Oui enfin, j’en suis moins sûre à présent. Pardon madame, oui oui passez avant moi, j’ai le temps je suis à la retraite et puis j’ai à discuter avec Madame Piron.
Elle en a mis du temps à choisir son éclair, à croire qu’elle voulait entendre la suite de notre conversation, les gens ne sont pas gênés !
Alors Jeanne ?
Oui donc il y a quelques semaines, je vous ai raconté qu’il s’est trouvé coincé avec une locataire de la résidence, dans l’ascenseur.
Oui comme dans les séries romantiques.
Voilà ! Elle a eu une crise de panique, connaissant mon petit Paul, il ne devait pas en mener large non plus. Il l’a même conduite aux urgences, il ne l’a pas attendue mais quand même, depuis il m’a posé des questions sur elle, alors qu’il ne m’avait jamais parlé d’une femme avant.

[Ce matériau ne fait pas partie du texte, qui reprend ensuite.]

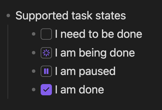 Markdown compatability, task-list extends markdown but doesn't break it, your documents will still render outside of this plugin, with a readable task state and easy to remember directives

Il est peut-être bi ? C’est la mode Jeanne, j’en vois défiler dans ma boulangerie des drôles de couples, un jour ils viennent à deux, deux croissants, le lendemain ils sont à trois, une grosse brioche aux raisins, non mais je vous jure, il faut suivre, sans parler des gosses et…
Oui oui Madame Piron mais revenons à mon histoire, donc ce que j’ai fait pour accélérer un peu les choses, car s’il fallait compter sur Paul, je serais déjà dans le trou avant qu’il se décide, j’ai coincé la femme avec son plâtre et je l’ai invitée à venir prendre un café.
Je l’ai trouvé beaucoup trop vieille pour lui.
C’est une belle femme ?
Pas du tout, plutôt un physique à faire de la radio, plus que du cinéma (gloussements)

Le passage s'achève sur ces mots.